Provided material:
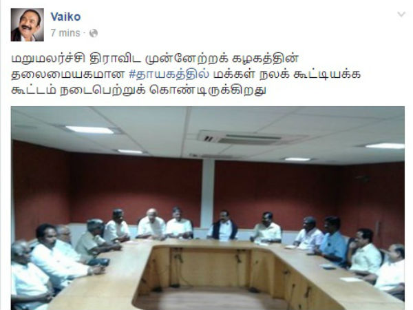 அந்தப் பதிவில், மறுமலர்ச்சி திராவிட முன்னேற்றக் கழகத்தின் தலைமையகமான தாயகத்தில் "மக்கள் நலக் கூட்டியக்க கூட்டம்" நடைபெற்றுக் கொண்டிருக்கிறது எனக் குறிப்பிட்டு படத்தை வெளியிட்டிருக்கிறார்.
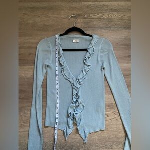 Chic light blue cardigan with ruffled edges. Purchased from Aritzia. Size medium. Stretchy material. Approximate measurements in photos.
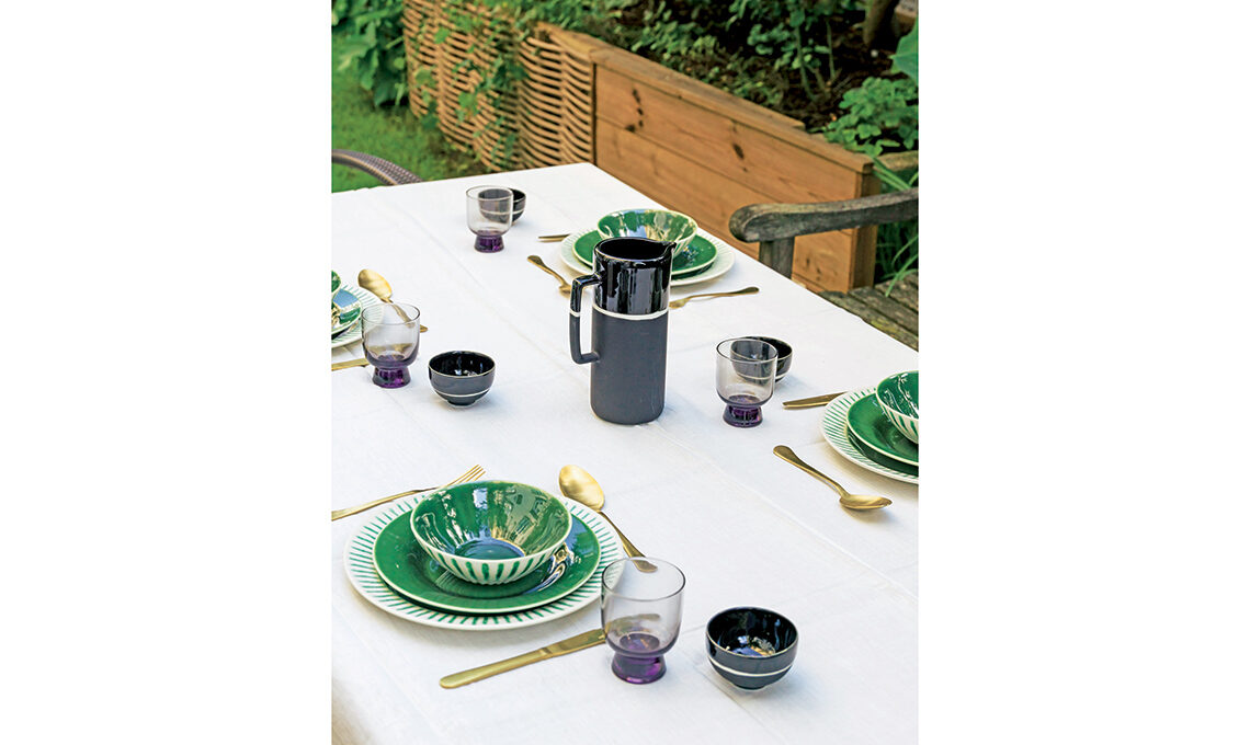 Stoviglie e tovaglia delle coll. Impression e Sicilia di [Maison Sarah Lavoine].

Exercise description: The reply must consist of the complete listing, reproduced exactly, with no images.

Result:
 அந்தப் பதிவில், மறுமலர்ச்சி திராவிட முன்னேற்றக் கழகத்தின் தலைமையகமான தாயகத்தில் "மக்கள் நலக் கூட்டியக்க கூட்டம்" நடைபெற்றுக் கொண்டிருக்கிறது எனக் குறிப்பிட்டு படத்தை வெளியிட்டிருக்கிறார்.
 Chic light blue cardigan with ruffled edges. Purchased from Aritzia. Size medium. Stretchy material. Approximate measurements in photos.
 Stoviglie e tovaglia delle coll. Impression e Sicilia di [Maison Sarah Lavoine].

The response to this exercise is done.